Mitt Romney is hot for your vote.
Guess who’s back? Yeah, I know it’s been eons since I posted here. But I finally found something worthy of my posting . . .
We like our presidential candidates hot and sweaty. Ooh, hot, sweaty and Mormon. He’s really the full package, y’all.
Comments (9)
“I’m Mitt Romney, and I’m going to puke right after the cameras stop rolling.”
Did you notice that his hair hardly moves?
Yucca - It does get plastered to his face by his sweat . . .
His delicious man sweat.
speaking of presidential candidates, anybody else already sick of the Hillary/shady Asian donor connection AGAIN?
What is it with these fucking Hillbillies, they are like crack whores when it comes to those asian dollars.
lol hillbillies - nice.
hey, speaking of right-wing rabblerousers, where’s Wonk? I ain’t seen him around here in a while.

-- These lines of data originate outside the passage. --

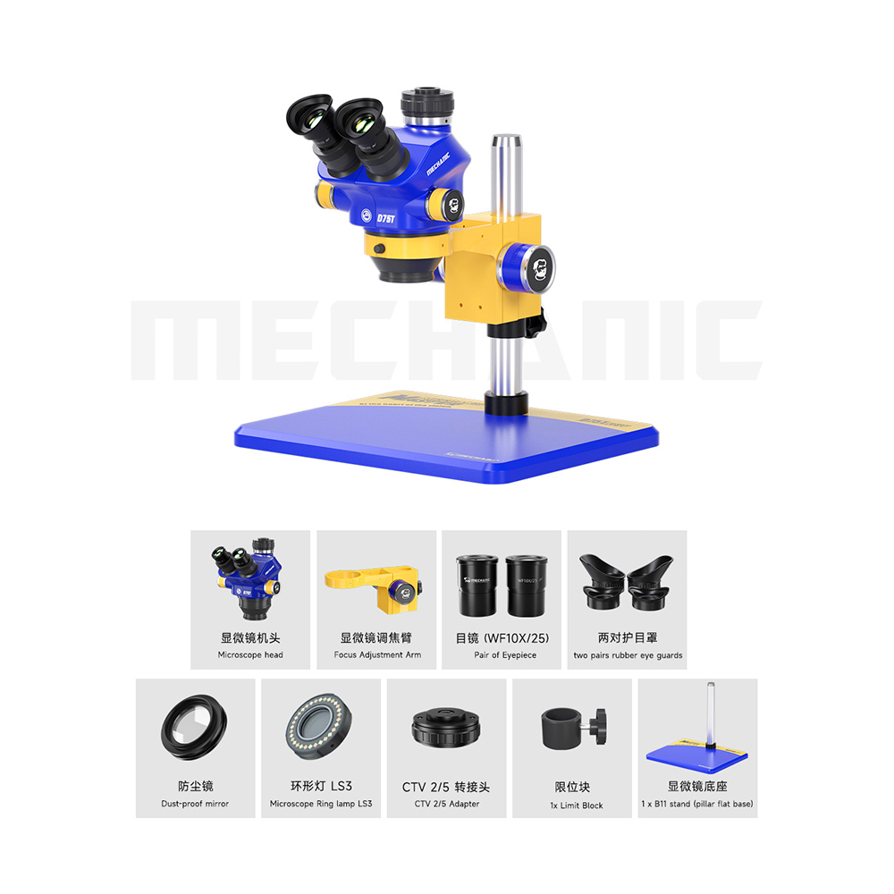 MECHANIC D75T -7X-5.0X HD OPTICA TRINOCULAR STEREO MICROSCOPE FOR PCB MOTHERBOARD INSPECTION.
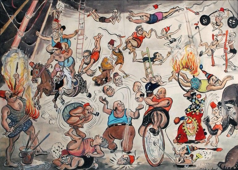 A Political Circus by Alexander Saroukhan is one of the cartoons that shaped Egypt’s political environment. Water colors on paper 45 x 65 cm. Image: Al Masar Gallery
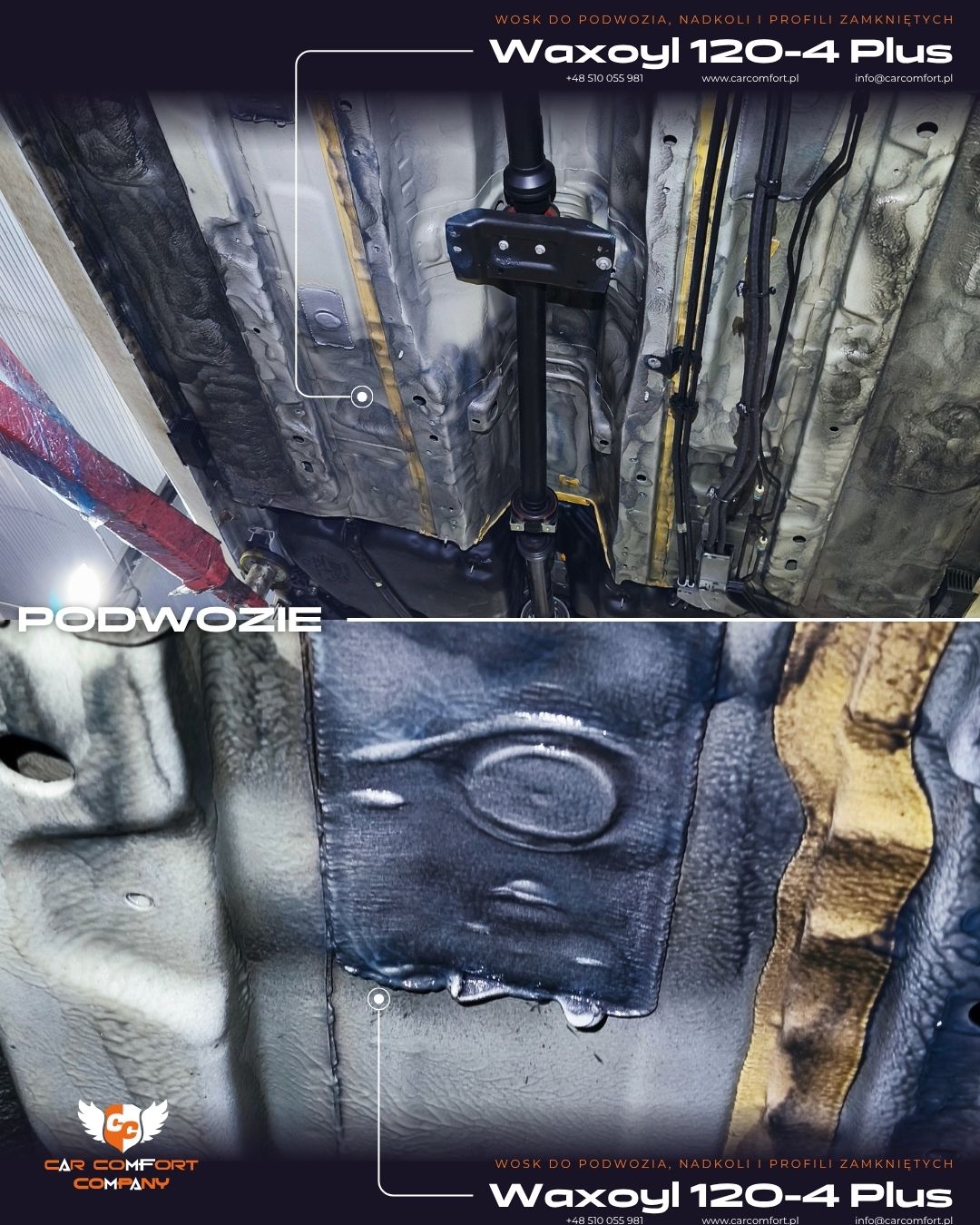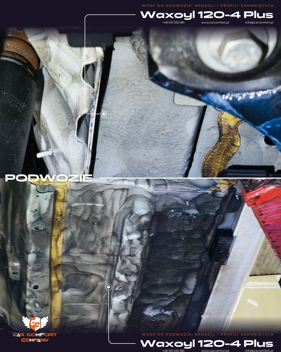 Zastosowany środek penetruje szczeliny i newralgiczne miejsca konstrukcji, tworząc warstwę ochronną, która zapobiega powstawaniu korozji i wydłuża żywotność podwozia.
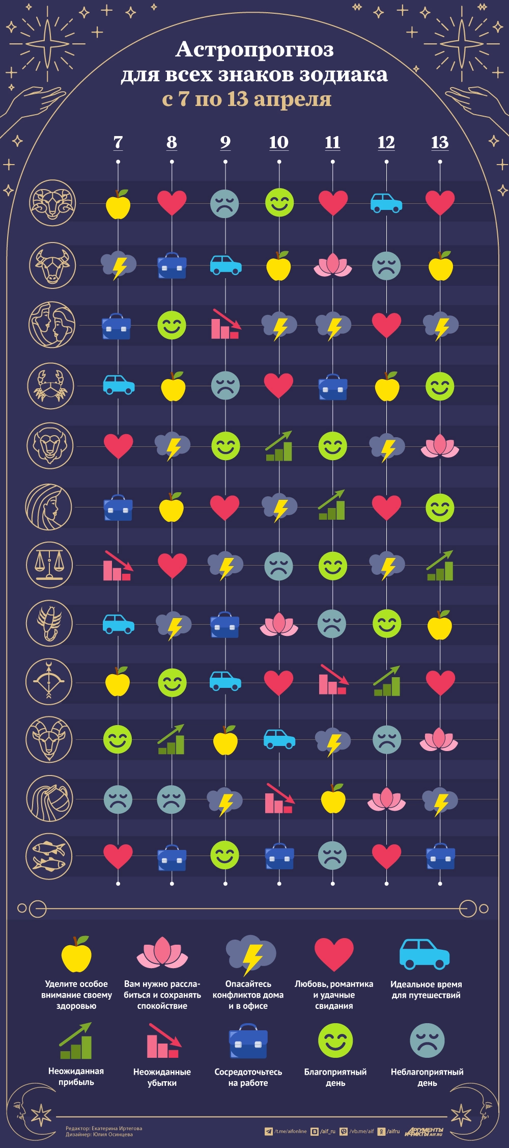 Астрологический прогноз с 7 по 13 апреля 2025 года. Инфографика
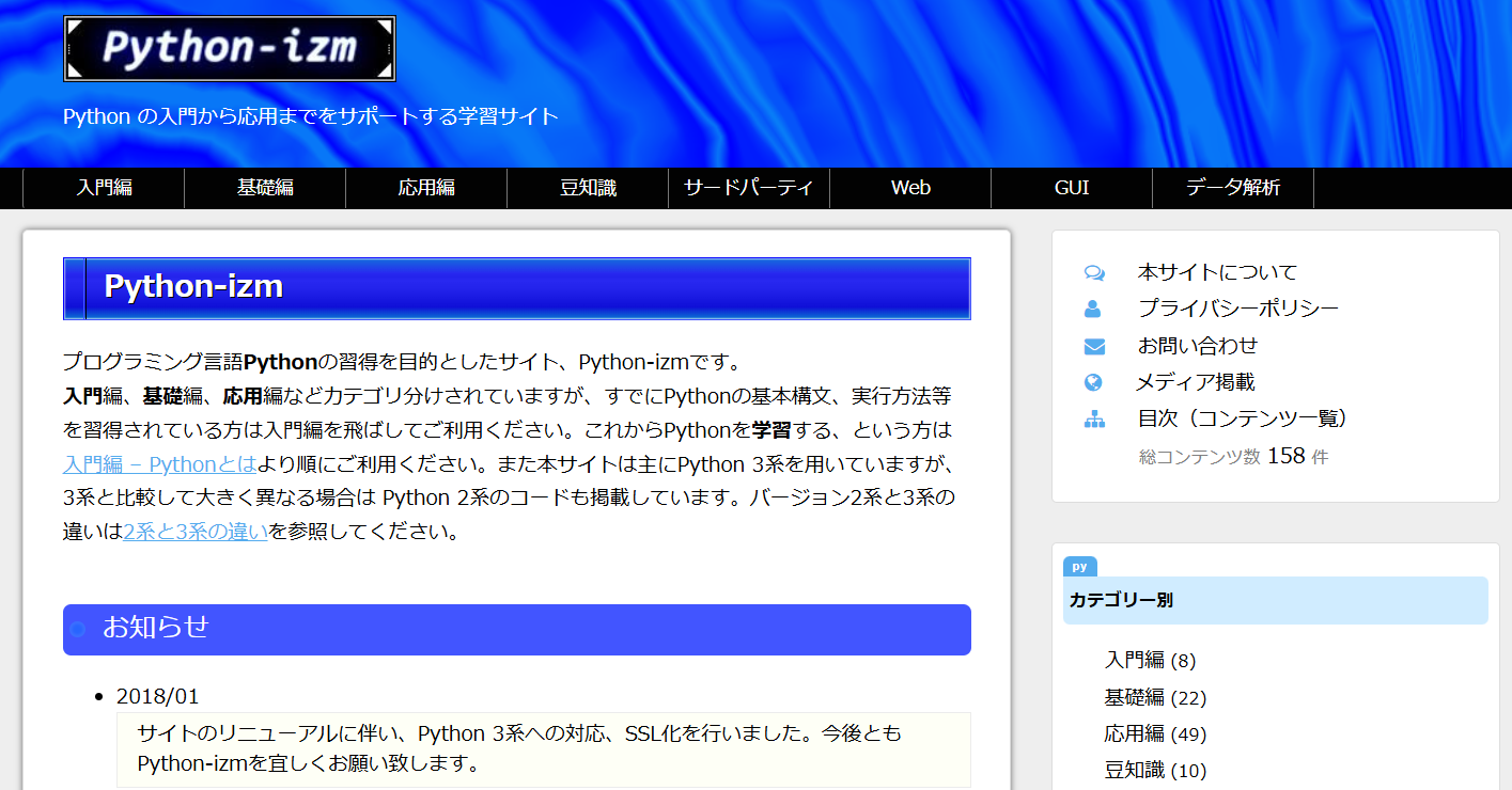 完全無料でありながら内容が充実しており、Python学習の全体像を把握するのに最適なサイトです。
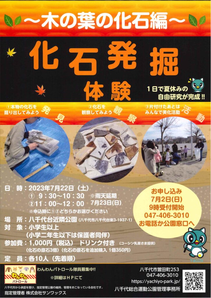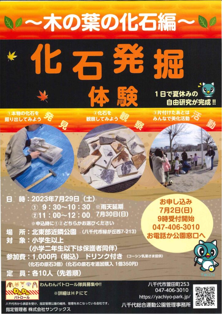 7月22日(土)八千代台近隣公園化石発掘体験後、12:00~14:00
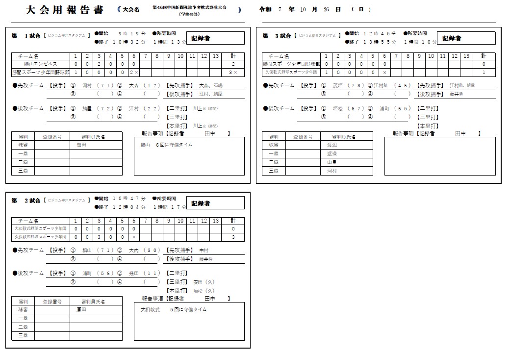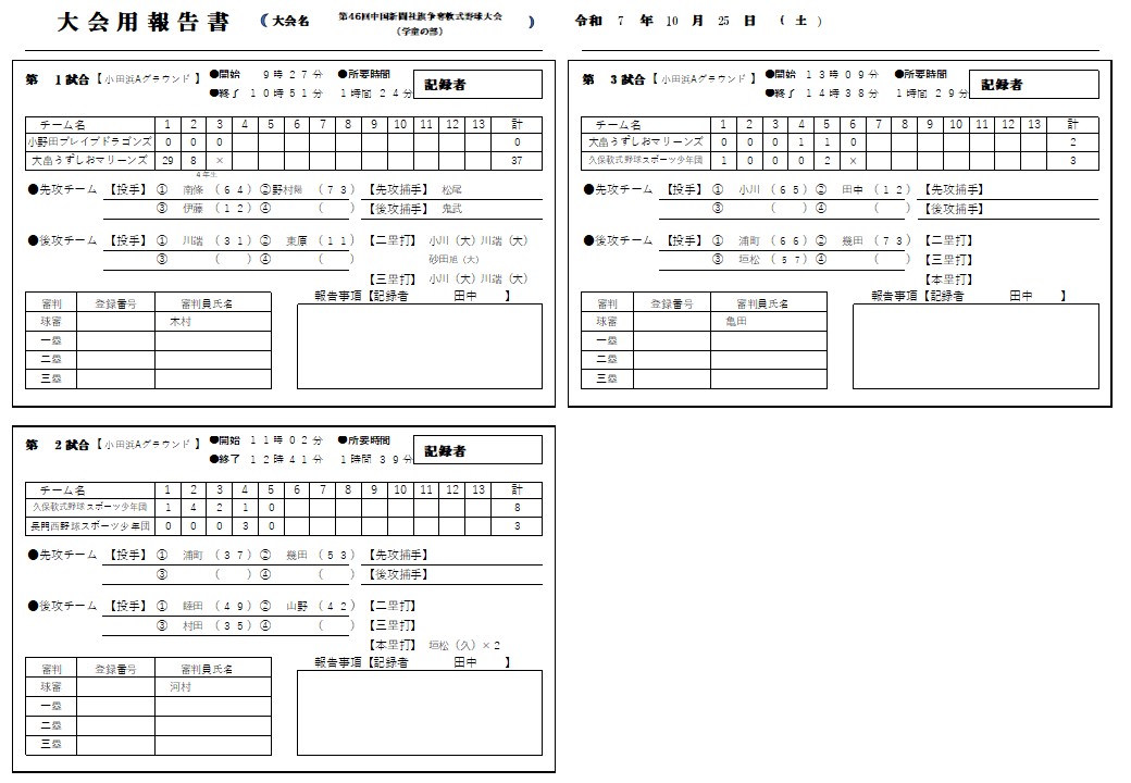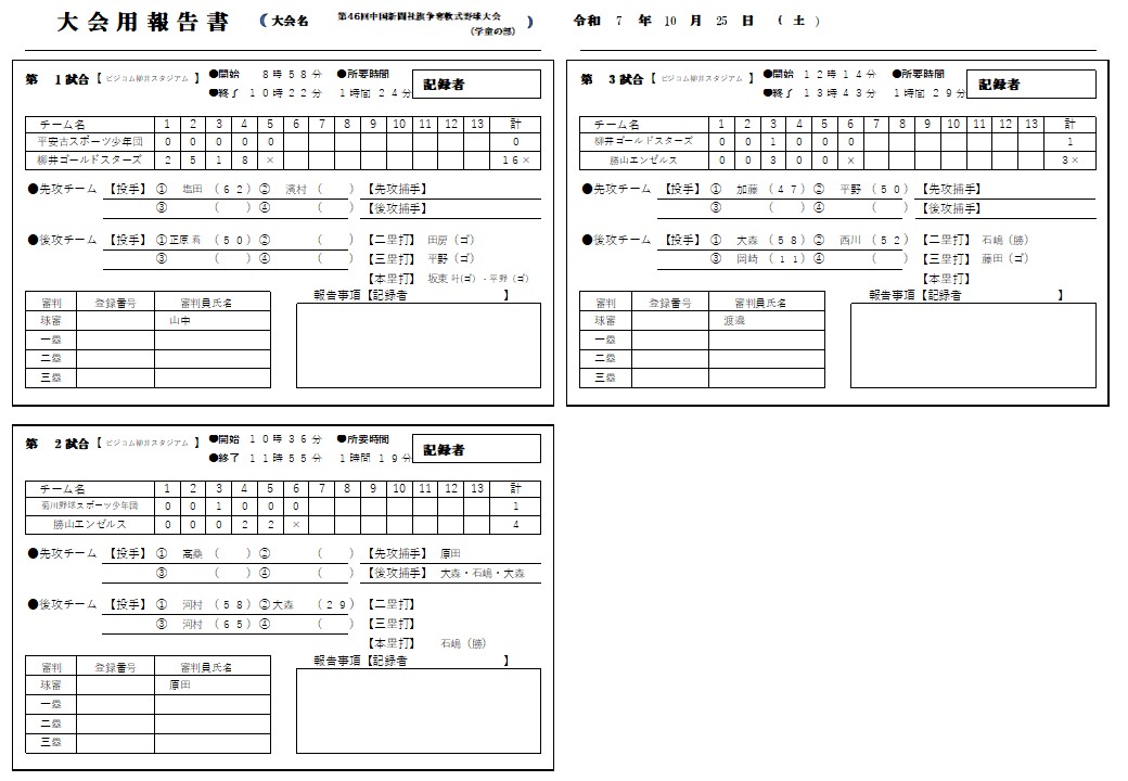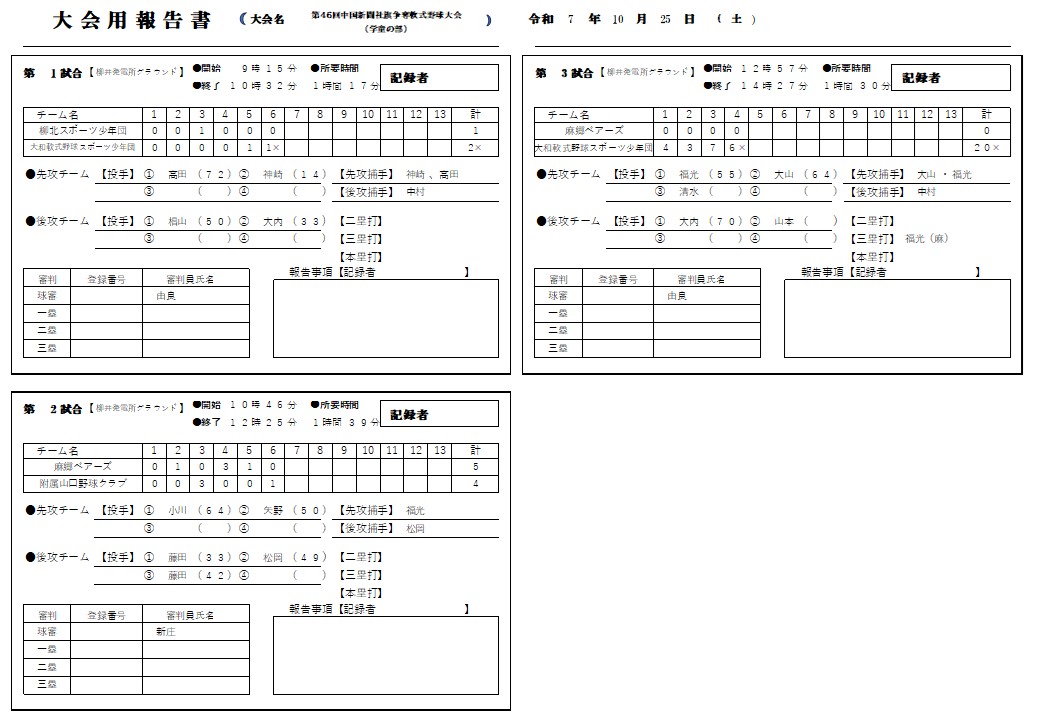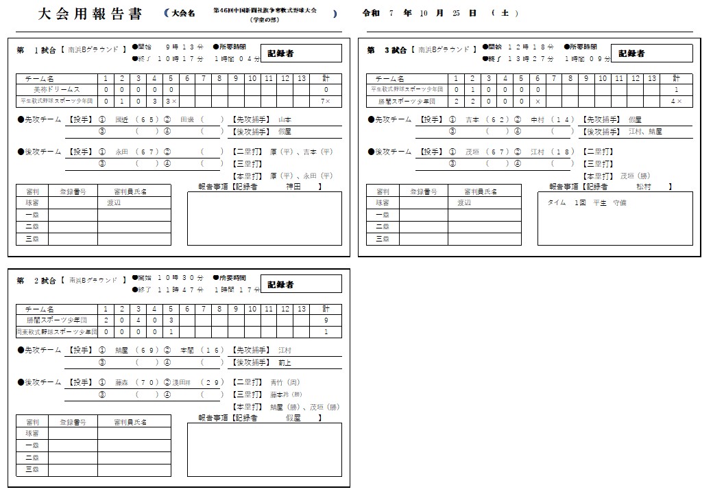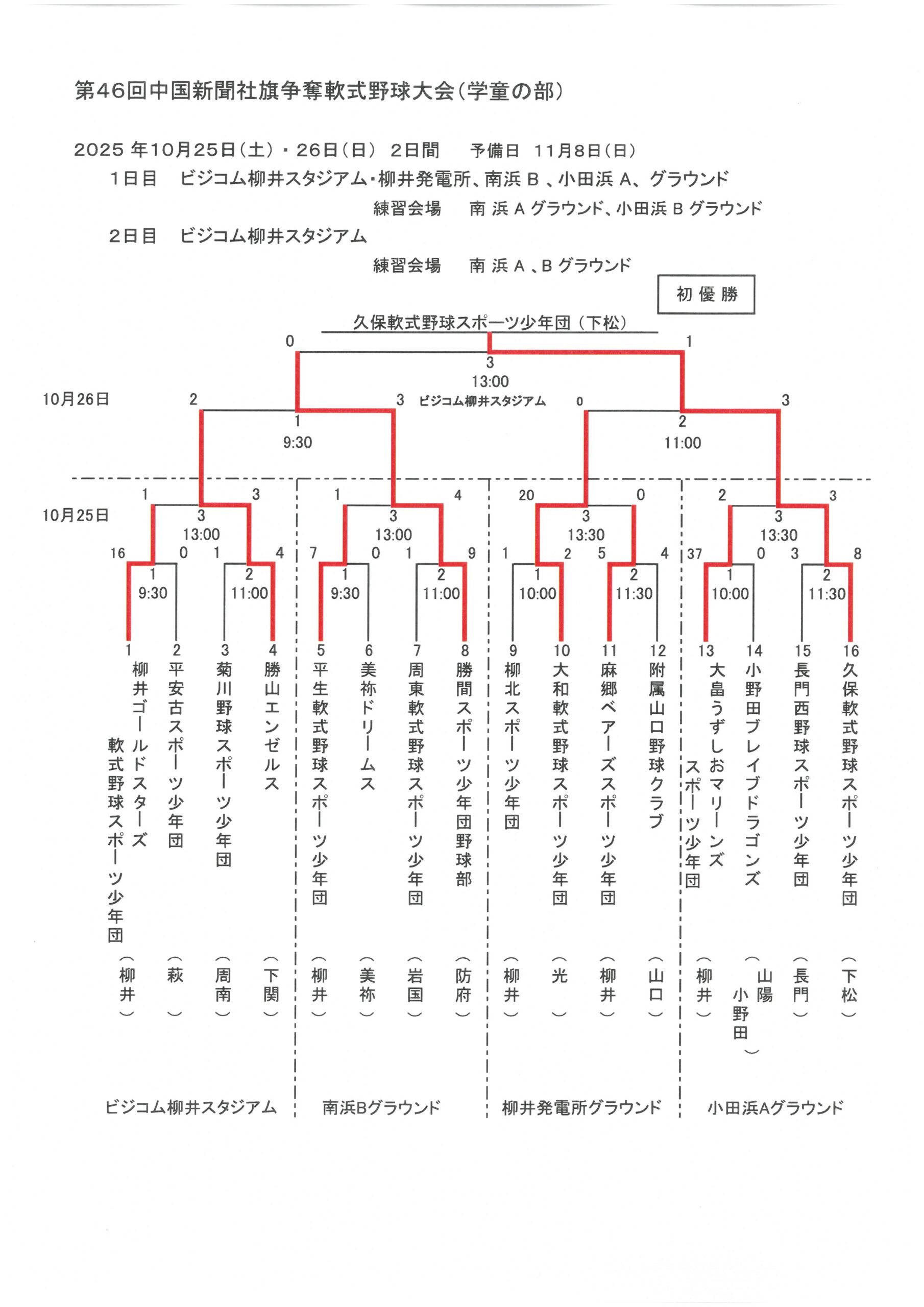 第64回中国新聞社旗争奪軟式野球大会(学童の部) 試合結果
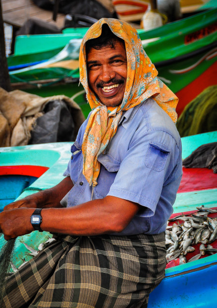 Smiling fisherman with orange head scarf

i do have to say, i think it would awesome to be one of romney’s wives. he’s a hottie, so i’d enjoy the sexual duties once or twice a week. and then i wouldn’t have to put up with him much, just pack him off to Sister Wife Number 2 when i’m done with him.
that sounds kinda fun.
He runs like a girl. Seriously.
What were we supposed to focus on, his chicken legs or his accomplishments?
Bain Capital… yeah, I remember them. Lot’s of other people do as well. Millions of investors in fact. The D oppo folks are going to have fun with Mitt.
Wait…was that a campaign ad or a Nike spot?